Our anticipation is that because it has higher margins, any contribution from that will be accretive to where we’re at. And then on the kits, 11 kits throughout the year. But again, from a cadence perspective, a lot of them will be in the second half. Now that is all good stuff and headed in the right direction from a margin perspective. That’s also offset slightly at the same time by a very rapidly growing gene synthesis business from our de novo kits, which has generally a lower gross margin. So as the company works to operationalize these systems for our own internal oligo production to accrete to gross margin, launches new kits throughout the course of the year. We’re also — we need to recognize that we’ve got a very rapidly growing business.
It’s growing in excess of 60%, which has a typically lower gross margin for gene fragments and gene synthesis products.

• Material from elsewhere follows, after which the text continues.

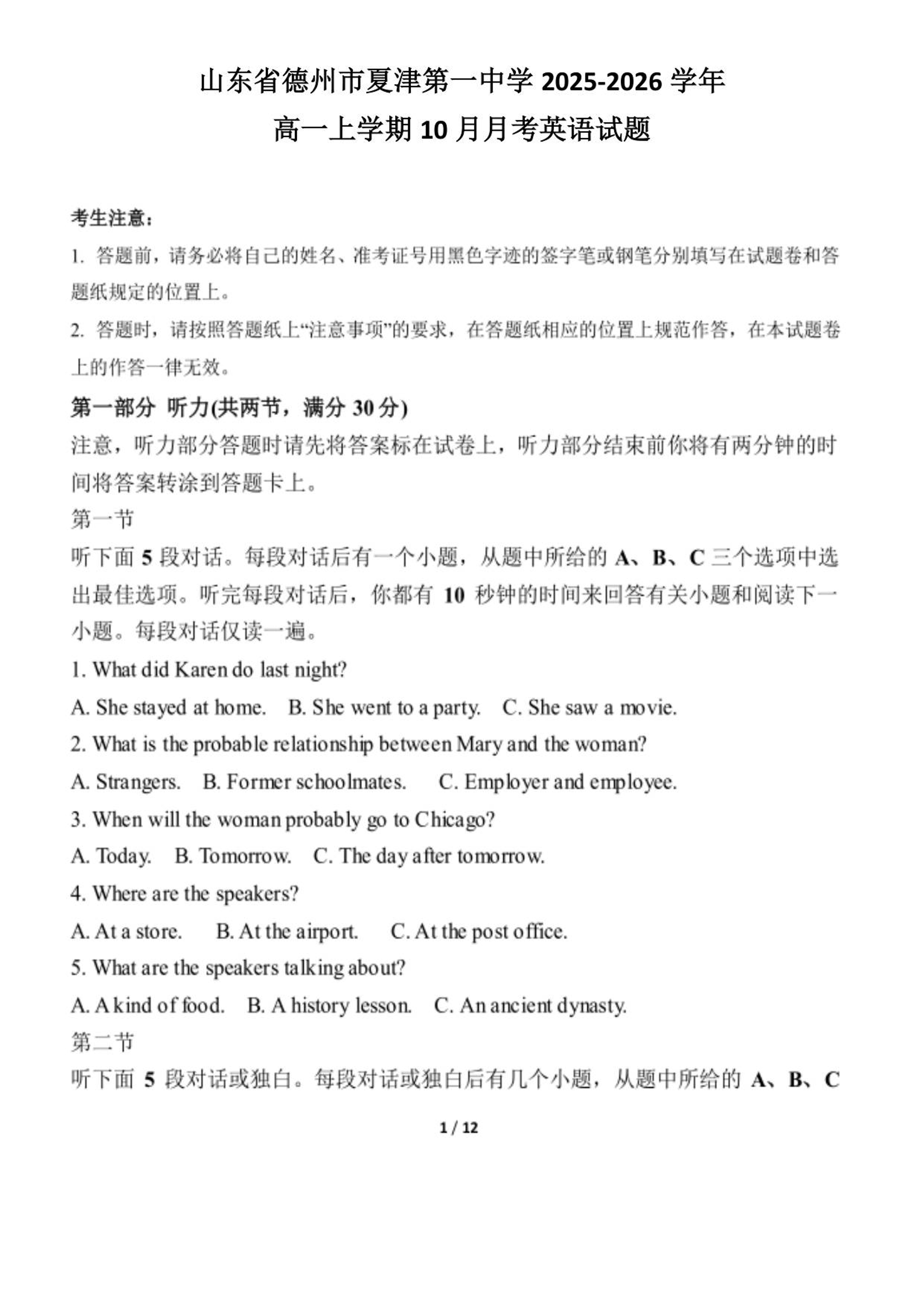 高一英语--山东省德州市夏津第一中学2025-2026学年高一上学期10月月考

Poon Mah: Okay. That’s helpful. And then on the cadence of these 11 kits, yes, you said it’s going to be mostly second half, but getting within in the second half, should we be thinking it going to be weighted more to Q4 or…
Todd Nelson: I’ll hand it over to Eric. I think the peanut butter is pretty well spread between the year. I get the sense there’s a lot going on in the second and third quarters, but I’ll hand it over to Eric.
Eric Esser: Yes, that’s right. Of the 11, let’s see, we have a couple that are launching in Q1, the majority launch in late Q2 and Q3. And then one of those kits, the last one launches together with the DBC in Q4.
Operator: And thank you. And I’m showing no further questions. This concludes today’s conference call. Thank you for participating. You may now disconnect.
Todd Nelson: Thank you, everyone.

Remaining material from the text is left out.